What you need to do: For this exercise, return only the lines in the records below from the one holding "凭借高端新能源车型的推出,奇" through the one holding "Scott, R F Antarctic", including both, exactly as they appear and without pictures.

======== Data

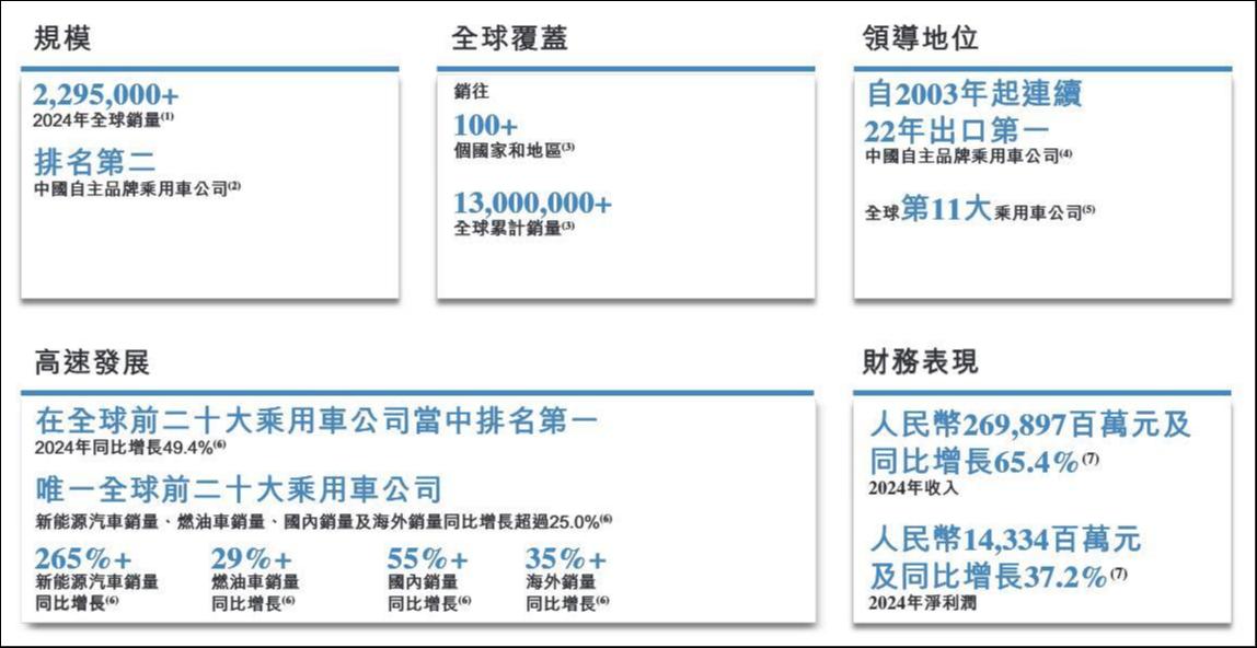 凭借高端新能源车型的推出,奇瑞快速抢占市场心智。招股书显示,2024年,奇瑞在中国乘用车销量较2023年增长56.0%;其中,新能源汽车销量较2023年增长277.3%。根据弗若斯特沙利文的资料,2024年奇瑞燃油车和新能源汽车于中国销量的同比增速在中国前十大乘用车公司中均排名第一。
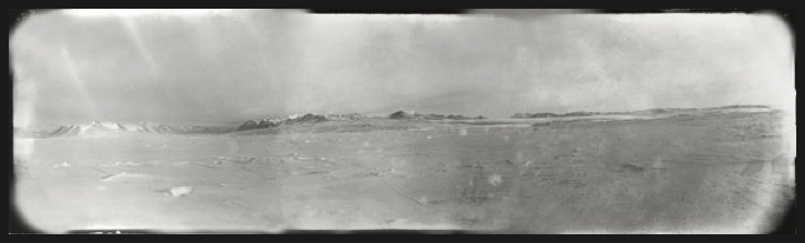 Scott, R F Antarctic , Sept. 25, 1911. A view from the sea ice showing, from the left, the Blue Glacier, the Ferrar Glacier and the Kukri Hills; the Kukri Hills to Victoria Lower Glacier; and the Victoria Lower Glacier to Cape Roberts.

================
======== Data

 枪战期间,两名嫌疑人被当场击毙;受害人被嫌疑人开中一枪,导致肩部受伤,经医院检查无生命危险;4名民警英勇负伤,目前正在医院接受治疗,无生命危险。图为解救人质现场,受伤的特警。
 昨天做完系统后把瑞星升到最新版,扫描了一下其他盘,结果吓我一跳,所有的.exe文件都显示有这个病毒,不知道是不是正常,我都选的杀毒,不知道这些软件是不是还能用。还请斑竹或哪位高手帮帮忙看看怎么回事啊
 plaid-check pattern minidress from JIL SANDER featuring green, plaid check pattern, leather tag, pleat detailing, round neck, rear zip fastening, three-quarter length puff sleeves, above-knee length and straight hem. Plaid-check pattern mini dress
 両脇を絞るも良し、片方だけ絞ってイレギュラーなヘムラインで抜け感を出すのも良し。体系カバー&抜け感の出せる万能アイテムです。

================
======== Data

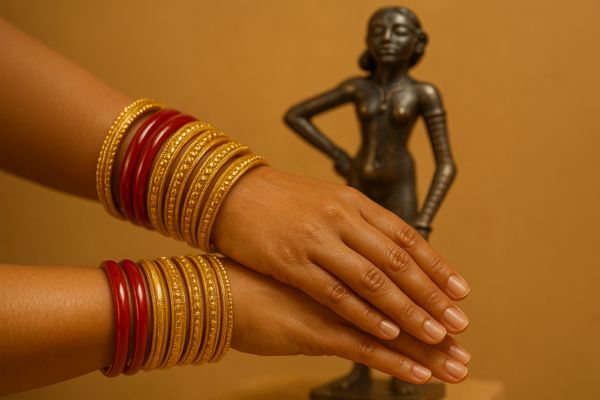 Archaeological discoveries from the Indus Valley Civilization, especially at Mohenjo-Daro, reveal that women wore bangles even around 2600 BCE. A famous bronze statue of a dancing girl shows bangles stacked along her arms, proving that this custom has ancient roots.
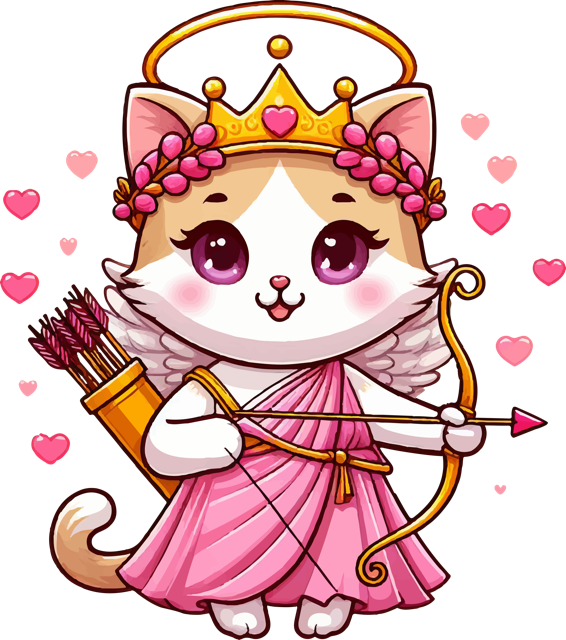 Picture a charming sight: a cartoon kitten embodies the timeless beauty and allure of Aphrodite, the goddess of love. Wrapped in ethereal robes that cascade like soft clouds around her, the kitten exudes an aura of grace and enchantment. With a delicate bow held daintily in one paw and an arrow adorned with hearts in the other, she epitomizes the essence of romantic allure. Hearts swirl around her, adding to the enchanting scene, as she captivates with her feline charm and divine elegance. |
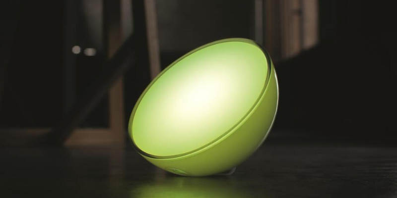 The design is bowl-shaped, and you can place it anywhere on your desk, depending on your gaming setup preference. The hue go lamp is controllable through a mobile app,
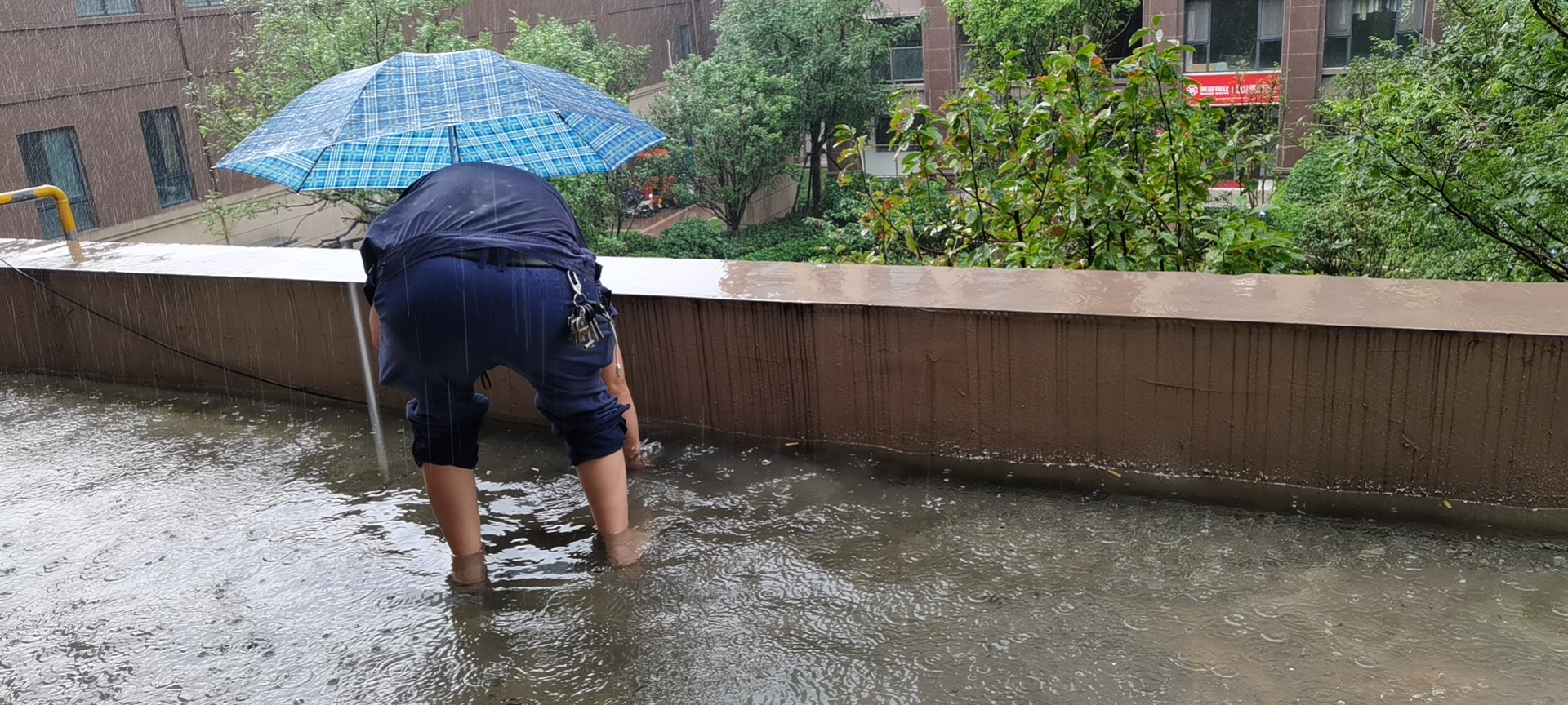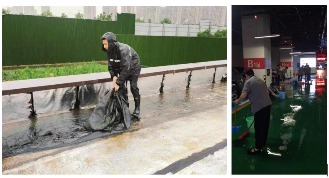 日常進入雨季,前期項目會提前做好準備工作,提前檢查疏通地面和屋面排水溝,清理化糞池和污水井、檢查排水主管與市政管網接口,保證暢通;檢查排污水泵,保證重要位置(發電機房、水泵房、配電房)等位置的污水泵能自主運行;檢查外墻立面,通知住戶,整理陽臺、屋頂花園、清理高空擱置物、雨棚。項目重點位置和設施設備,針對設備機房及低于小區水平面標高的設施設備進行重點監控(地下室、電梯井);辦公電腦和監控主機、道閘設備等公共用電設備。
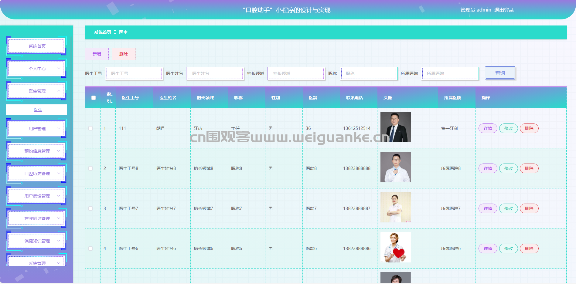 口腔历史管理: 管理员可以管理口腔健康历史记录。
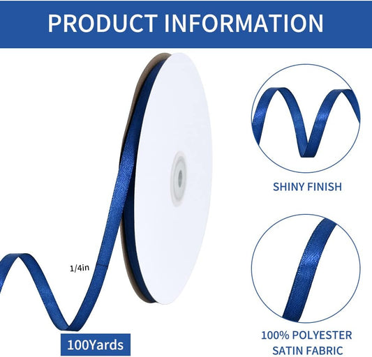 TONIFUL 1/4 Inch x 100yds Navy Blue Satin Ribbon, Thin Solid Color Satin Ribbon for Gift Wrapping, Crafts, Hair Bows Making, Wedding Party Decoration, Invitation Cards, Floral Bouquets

================

Written response:
 凭借高端新能源车型的推出,奇瑞快速抢占市场心智。招股书显示,2024年,奇瑞在中国乘用车销量较2023年增长56.0%;其中,新能源汽车销量较2023年增长277.3%。根据弗若斯特沙利文的资料,2024年奇瑞燃油车和新能源汽车于中国销量的同比增速在中国前十大乘用车公司中均排名第一。
 Scott, R F Antarctic , Sept. 25, 1911. A view from the sea ice showing, from the left, the Blue Glacier, the Ferrar Glacier and the Kukri Hills; the Kukri Hills to Victoria Lower Glacier; and the Victoria Lower Glacier to Cape Roberts.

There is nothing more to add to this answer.